### Dataset content

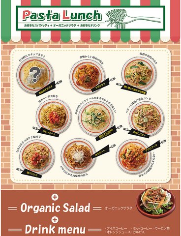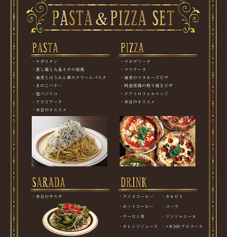 お好きなパスタかピザとサラダ、ドリンク付き
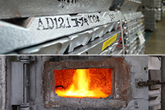 ![]() 溶解アルミ合金を700℃で加熱し液化します。アルミダイカストの代表的な材料である「ADC12」以外の特殊材料も対応可能です。 |
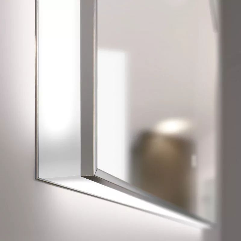 Зеркало имеет размеры 70х4х60 см и выполнено с алюминиевым корпусом, который гарантирует долговечность и устойчивость к влажности. Подсветка находится как в полотне, так и за ним, создавая мягкое рассеянное свечение. Управление осуществляется сенсорным выключателем — достаточно легкого касания для включения или выключения света. В комплекте предусмотрены подвесы для удобного монтажа.
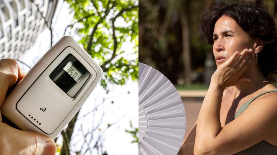 Teplomer a žena sa ovieva vejárom.

######

• Instructions for the task
Output everything in the material exactly. Pictures stay out of it.

• Written response
 お好きなパスタかピザとサラダ、ドリンク付き
 ![]() 溶解アルミ合金を700℃で加熱し液化します。アルミダイカストの代表的な材料である「ADC12」以外の特殊材料も対応可能です。 |
 Зеркало имеет размеры 70х4х60 см и выполнено с алюминиевым корпусом, который гарантирует долговечность и устойчивость к влажности. Подсветка находится как в полотне, так и за ним, создавая мягкое рассеянное свечение. Управление осуществляется сенсорным выключателем — достаточно легкого касания для включения или выключения света. В комплекте предусмотрены подвесы для удобного монтажа.
 Teplomer a žena sa ovieva vejárom.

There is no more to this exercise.